INTRODUCTION

Clear aligner therapy (CAT) is now an established orthodontic treatment modality.¹ It uses proprietary software to predict and stage the tooth movement across a sequence of aligners. Invisalign (Align Technology, San Jose, Calif) is a leading CAT manufacturer and provides clinicians with a digital representation of the patient's predicted occlusal outcome as part of its treatment planning processes.²

A posterior occlusal open bite is a frequently reported complication of Invisalign treatment.^1,3,4 The suggested causes include the thickness of the aligner foil that prevents the ideal development of occlusal contact, a suboptimal bite opening, a loss of incisor torque, or a loss of buccal root torque associated with transverse expansion.^3,5,6 The provision of additional aligners (refinement) after the initial course of care, the use of auxiliaries, overcorrection, or the incorporation of heavy contact into the digital treatment plan have been proposed as methods to address the issue.⁶

The presence of a maximum number of occlusal contacts is closely correlated with and, is considered essential for, optimal masticatory function.^7,8 The American Board of Orthodontics (ABO) Objective Grading Scoring (OGS) is commonly used to assess the quality of end-of-treatment fixed appliance therapy (FAT) and CAT.⁹ A 2005 study showed that the Invisalign appliance was deficient in obtaining maximum occlusal contact at the end of treatment.¹⁰ Recent developments in metrology technology, however, have enabled a more sophisticated analysis of occlusal relationships.^3,11

The aim of the present study, therefore, was to determine the presence of, and quantify, if appropriate, the differences between the predicted occlusal contact and the clinically achieved occlusal contact produced by the Invisalign appliance.
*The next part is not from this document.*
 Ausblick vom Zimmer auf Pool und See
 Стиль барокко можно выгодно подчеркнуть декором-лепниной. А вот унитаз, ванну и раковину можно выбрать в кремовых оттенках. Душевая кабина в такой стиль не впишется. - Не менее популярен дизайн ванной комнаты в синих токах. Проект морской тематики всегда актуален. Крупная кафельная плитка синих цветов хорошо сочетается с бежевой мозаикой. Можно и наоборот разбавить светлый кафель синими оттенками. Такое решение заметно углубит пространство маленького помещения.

The null hypothesis was that there would be no differences between the predicted occlusal contact and the clinically achieved occlusal contact produced by the Invisalign appliance.

MATERIALS AND METHODS

The sample was obtained from a database of approximately 7000 patients treated using the Invisalign appliance between 2013 and 2018 by orthodontists experienced in the use of the appliance. All participants provided valid consent for their complete records to be used for educational and research purposes prior to the commencement of treatment. Institutional ethical approval for the study was granted by the University of Adelaide Human Research Ethics Committee (33817).

Exclusion Criteria

• Periodontally compromised patients

• Patients with initial “posterior open bites” and/or crossbites

• Orthognathic surgery cases

• Patients prescribed intermaxillary elastic use

• Patients who received restorative treatment to the teeth during orthodontic treatment

• Patients with a history of bone metabolism–altering medication

Based on the calculation of a 2015 study, a minimum sample size of 12 was determined necessary to detect a 0.5-mm difference between the predicted and achieved clinical outcomes.¹² An additional 21 participants were included for a total sample size of 33.
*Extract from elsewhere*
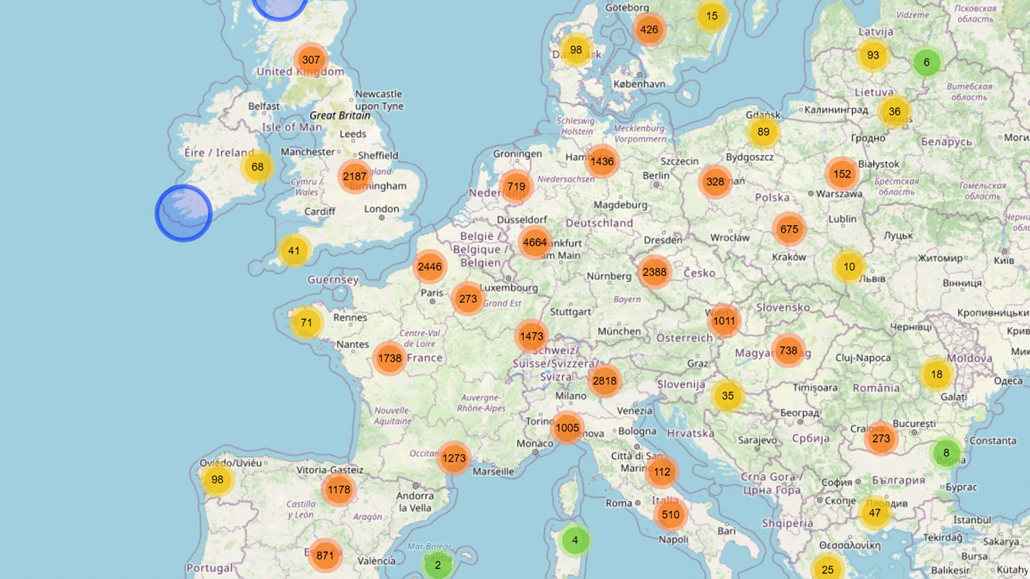 Δείχνει ότι οι θέσεις στάθμευσης φορτηγών συγκεντρώνονται σε πυκνοκατοικημένες περιοχές στην Κεντρική Ευρώπη. Είναι πιο πυκνές γύρω από σημαντικές βιομηχανικές περιοχές και μεγάλες πόλεις -όπως η Βόρεια Ιταλία, το Παρίσι, το ευρύτερο Μάντσεστερ, το Βερολίνο και η Φρανκφούρτη- και ακολουθούν τους κύριους ευρωπαϊκούς δρόμους.
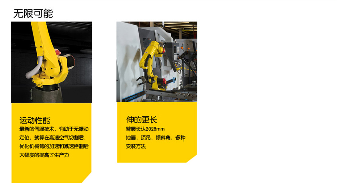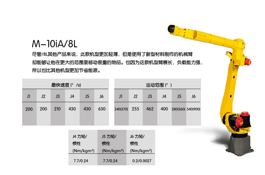 纖細的M-10iD/8L非常適合在緊湊的機器人單元中工作,占地面積小,可以倒置安裝或傾斜安裝,以獲得更大的靈活性。

The measurements were carried out on the pretreatment and end of initial aligner sequence (achieved) digital models and the predicted outcome digital models from the Invisalign ClinCheck software facility via stereolithographic (.STL) files.

The .STL files were entered into Geomagic Control X (3D Systems, Rock Hill, S.C.) metrology software, which has been validated for evaluating CAT effects.^13,14 The mesh deviation tool was used with a maximum deviation of 5 mm to measure the precise “nearest neighbor” distances between the vertices and mesh faces of any point between the opposing arches. A distance heatmap was created with thresholds in 0.1-mm increments and a range of −1.0 mm to 1.0 mm (Figure 1). Occlusal contact was viewed on Geomagic Control X as a negative mesh deviation (≤0.00 mm), that is, overlap, but recorded as a positive number. Occlusal clearance was defined as a positive mesh deviation (>0.00 mm) but recorded as a negative measurement. Contact was recorded as the greatest mesh deviation in a negative direction. The posterior teeth were divided mesiodistally and had recorded contact for separate buccal and palatal surfaces. The anterior teeth were recorded as a single contact per tooth. The contact measurements were recorded at the initial, predicted, and at the end of the initial aligner sequence (achieved) time points and pertained to teeth in the maxilla. Each data set was tested for normality by applying the Shapiro-Wilks test. The study sample was divided into normal (n = 20) and overcorrection (n = 13) occlusal contact groups. Overcorrection was defined as having ≤−0.25 mm mesh deviation for at least four teeth on the digital model (Figure 2). The difference between the predicted and achieved occlusal contact measurements were analyzed for both groups. Demographic details regarding the patient's age, sex, and initial treatment-related parameters were documented. The mean and standard deviation (SD) values were calculated for the absolute initial, predicted, and achieved occlusal contact measurements and related to the mean values between individual teeth and their antimeres.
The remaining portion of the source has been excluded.